◆ **Dataset excerpt**:

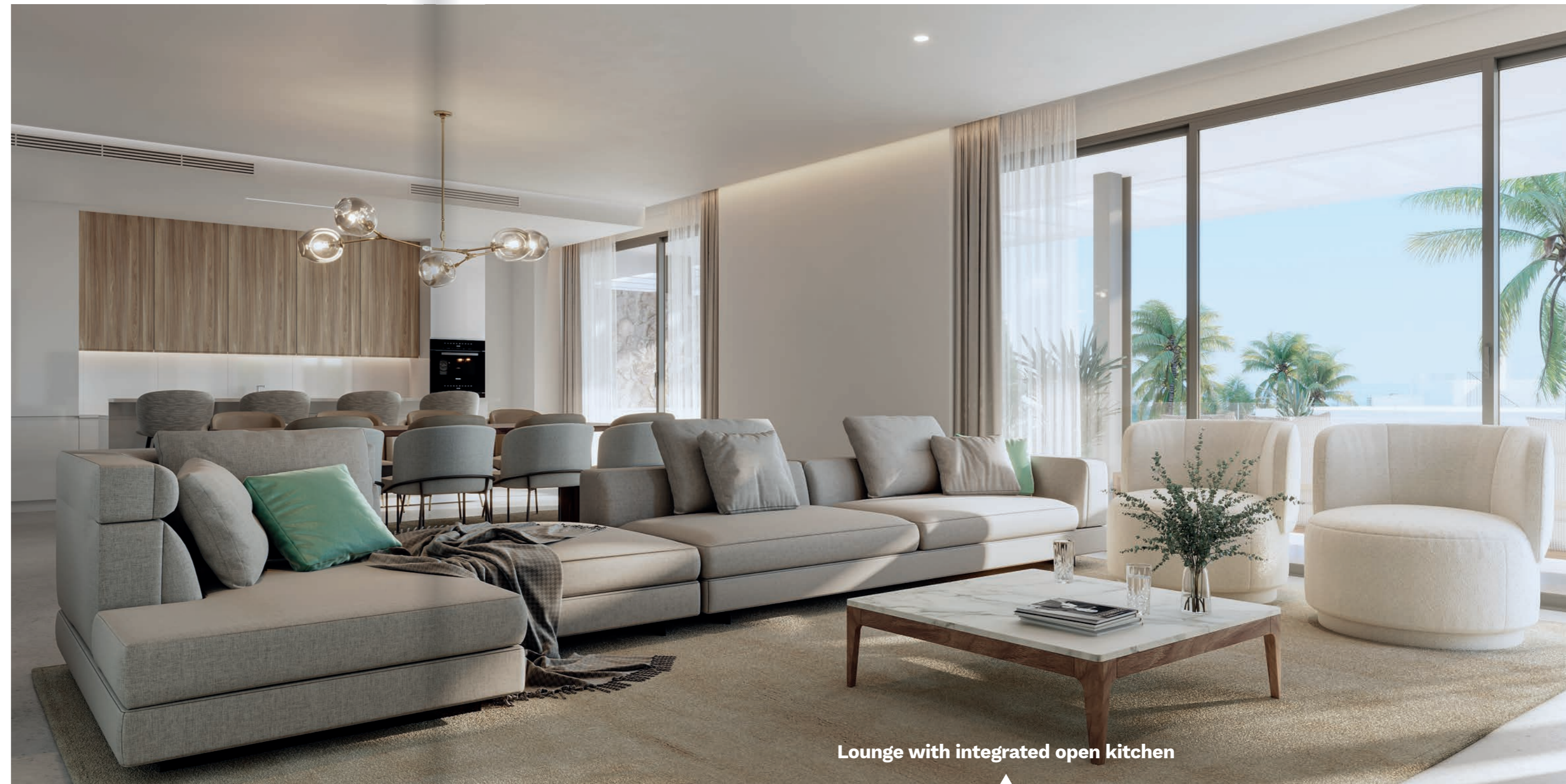
Lounge with integrated open kitchen

Energy consumption certification – A standard
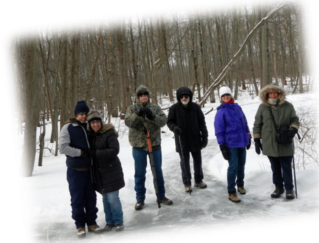
January walk in Cowan. (13F degrees) Well bundled up walkers stepped on the ice covered pond, which someone shoveled off for ice skating.

◆ **Task to carry out**: Please transcribe exactly the lines from the one containing "Energy consumption certification – A standard" through the final line of the data, including both, and nothing else. Pictures are to be left out.

◆ **Solution below**:
Energy consumption certification – A standard
January walk in Cowan. (13F degrees) Well bundled up walkers stepped on the ice covered pond, which someone shoveled off for ice skating.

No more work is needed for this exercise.